414-S11-hw4-note

## Re-emphasizing the requirements for hw 4 solution

As stated on hw 4, your solution must meet the requirements of exam 1 and will be graded accordingly. Based on feedback, it is apparent that some of you do not understand what this means. Hence this note.

Consider problem 1 part a, i.e., to show whether or not INV A1 holds, where

A1: hst[j] = [A,p]   ⇒   hst[j-1] = [B,1,p]

### Suppose you want to show that INV A1 does not hold.

Your solution must present an evolution ending in a state that does not satisfy A1, i.e., a state where hst has an entry [A,p] and there is a preceding entry and that entry is not [B,1,p]. Present the evolution by listing a sequence of atomic steps (starting from the initial step); after each step, indicate enough of the state (i.e., values of relevant variables) so that it is easy to check that your evolution is possible.

If the above is not absolutely clear to you, go over the examples of such answers in the posted homework and exam solutions.

### Suppose you want to show that INV A1 holds.

First, identify every atomic step in the program whose execution may falsify A1. In this case, there is only one such step: specifically, step A.2 appending [A,p] to hst.

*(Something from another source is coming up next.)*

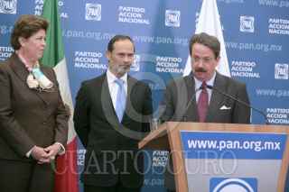 MÉXICO, D.F., 19ENERO2011.- Cecilia Romero Castillo, secretaria general ,Gustavo Madero Muñoz, presidente nacional del PAN, y Juan Molinar Horcasitas, recién nombrado Secretario Técnico de la Comisión Política del partido, ofrecieron una conferencia de prensa en la sede del blanquiazul. FOTO: CUARTOSCURO.COM

It suffices to prove that just before this happens, the last entry in hst is [B,1,p]. Your proof will be a sequence of sub-proofs; in each sub-proof you conclude something that follows directly from an atomic step of the program and what you have already established. Also, your proof examines the possibilities going backwards in time.

To illustrate, assume that step A.2 appends [A,p] to hst at time t0. Directly from this, all you can conclude is that just before t0, thread A.t is at 2, step A.2 receives [B,A,enc(A.key,[p,nA])] where nA = A.nL. Directly from this, you cannot conclude that [B,1,p] is the last entry in hst, nor can you conclude that [B,A,enc(A.key,[p,nA])] was sent by B (the attacker may have sent it).

Next, consider the entry enc(A.key,[p,nA]) in the message received at t0. You would like to conclude that this entry must have been created by Z. For that, you need to show that A.key is not known to the attacker. So at this point, take a fresh sheet of paper and prove that INV Ψ(A.key) holds. (Note that it is A.key and not key.)

Now let's prove that entry enc(A.key,[p,nA]) in the message received at t0 was generated by Z. We have that step A.2 happened at t0. So the previous step that A did is A.1 at some time t1 prior to t0 (note that this sub-proof takes us backwards in time). At time t1, step A.1 set A.nL to the randomly-obtained quantity nA (otherwise nA = A.nL would not hold at t0). Because nA is random and A does not do anything during [t1,t0], entry enc(A.key,[p,nA]) is generated by Z (because the attacker does not have A.key) at some time t2 inside the duration [t1,t0].

And so on. Ultimately, you want to show that at some time t3 inside duration [t2,t0], step B.2 appends [B,1,p] to hst and hst is unchanged in duration [t3,t0].

Your proof should be such that it can be checked by someone who understands the constructs used in the program but does not have any intuition about the program (e.g., cannot fit the program in his/her head).

If the above is not absolutely clear to you, go over the examples of such answers in the posted homework and exam solutions.

### Suppose you have a preliminary solution to a hw4 problem and want to discuss it with me.

It will cost you 5 points (out of 60) for each discussion. I decide when a discussion ends (and another one starts).

A better alternative is to write down a solution for an equivalent exam or homework problem (without looking at the my posted solution). I'll be happy to evaluate that, and you won't lose any points.

The best alternative is to write down your solution to an equivalent exam or homework problem (without looking at the my posted solution), and then evaluate it yourself. If you can come up with a correct solution in this way, you would have convinced me that you can critically analyze your own writing.